Task brief —
Return the listing below unchanged, but without pictures.

Available data —
= = =

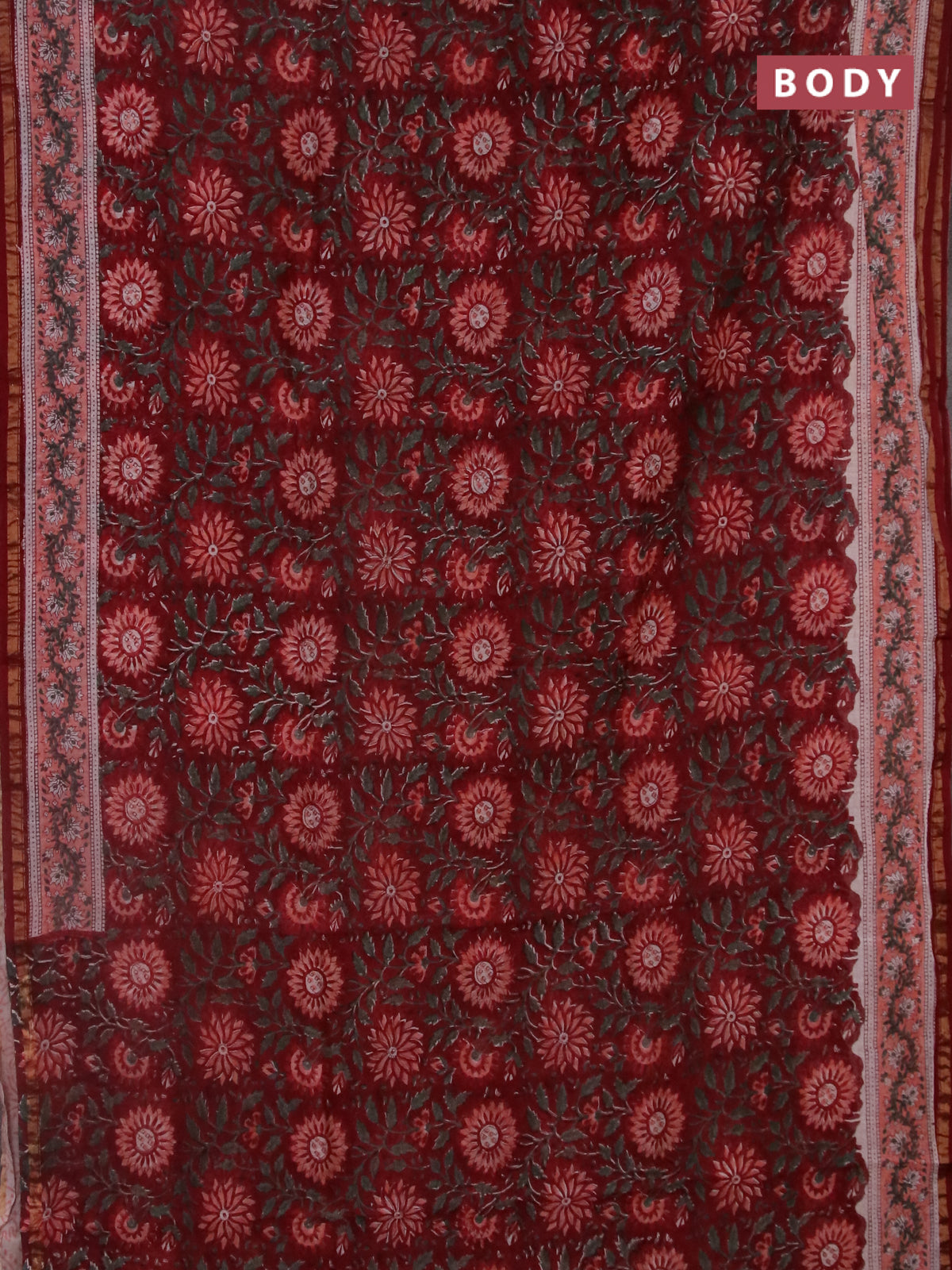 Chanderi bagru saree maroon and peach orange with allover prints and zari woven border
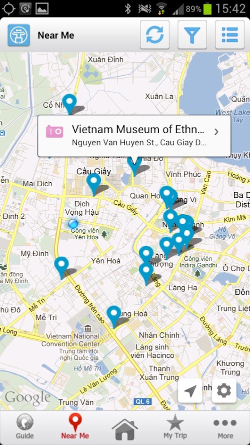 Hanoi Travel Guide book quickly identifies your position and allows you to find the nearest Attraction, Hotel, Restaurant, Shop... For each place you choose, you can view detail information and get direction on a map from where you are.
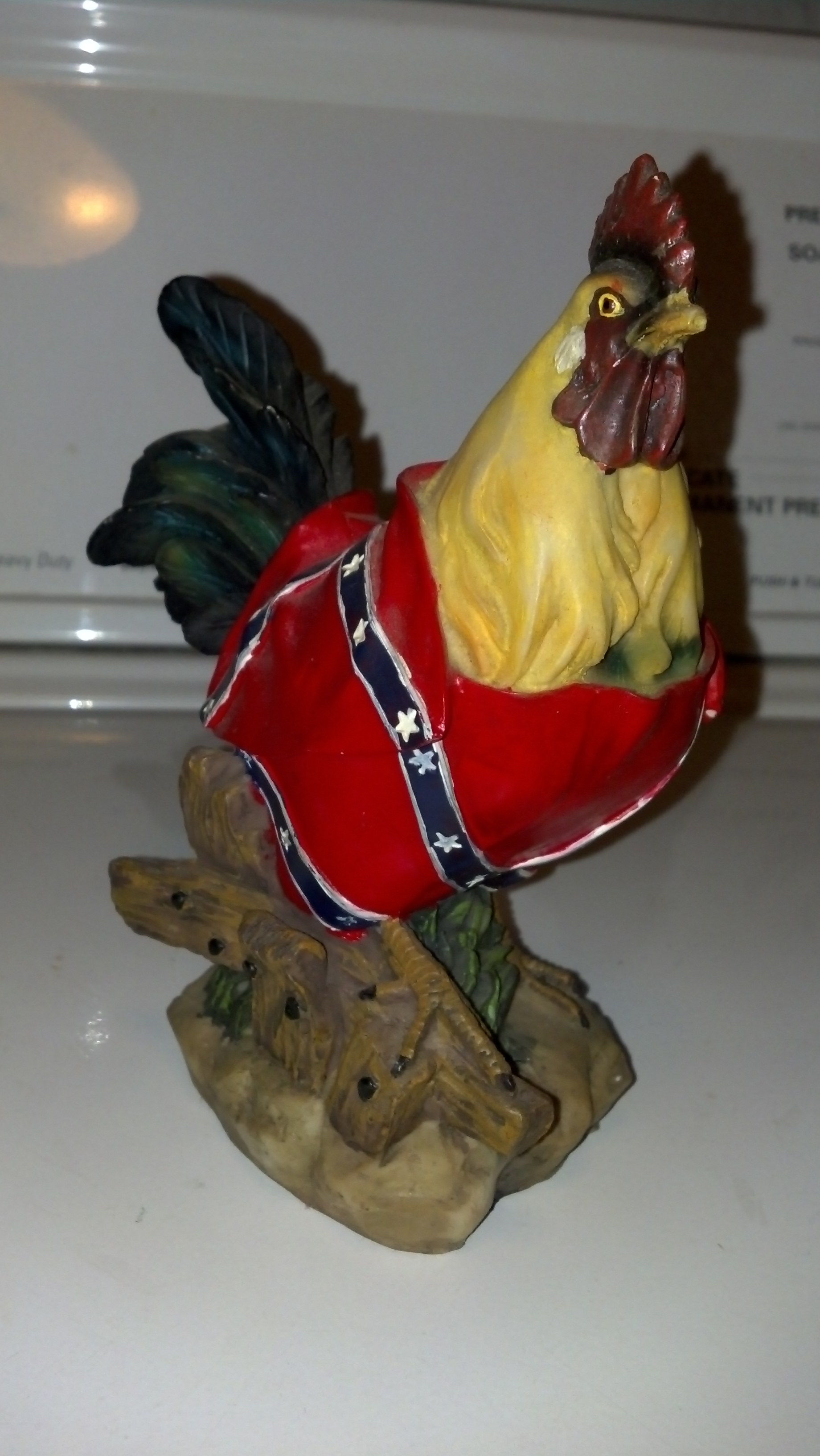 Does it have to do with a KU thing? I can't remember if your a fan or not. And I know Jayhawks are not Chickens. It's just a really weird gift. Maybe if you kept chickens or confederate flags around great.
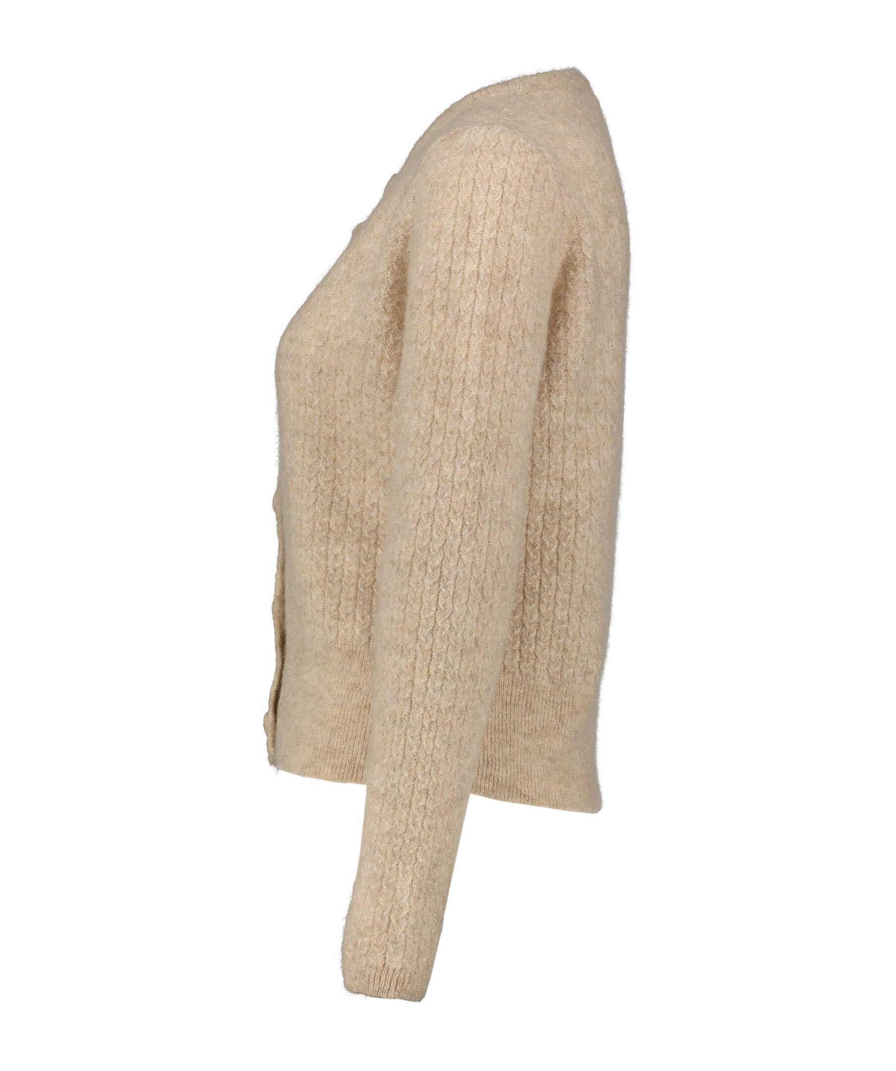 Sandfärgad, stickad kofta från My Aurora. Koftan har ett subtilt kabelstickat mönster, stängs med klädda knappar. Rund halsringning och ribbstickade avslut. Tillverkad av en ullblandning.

= = =

Solution for this task —
 Chanderi bagru saree maroon and peach orange with allover prints and zari woven border
 Hanoi Travel Guide book quickly identifies your position and allows you to find the nearest Attraction, Hotel, Restaurant, Shop... For each place you choose, you can view detail information and get direction on a map from where you are.
 Does it have to do with a KU thing? I can't remember if your a fan or not. And I know Jayhawks are not Chickens. It's just a really weird gift. Maybe if you kept chickens or confederate flags around great.
 Sandfärgad, stickad kofta från My Aurora. Koftan har ett subtilt kabelstickat mönster, stängs med klädda knappar. Rund halsringning och ribbstickade avslut. Tillverkad av en ullblandning.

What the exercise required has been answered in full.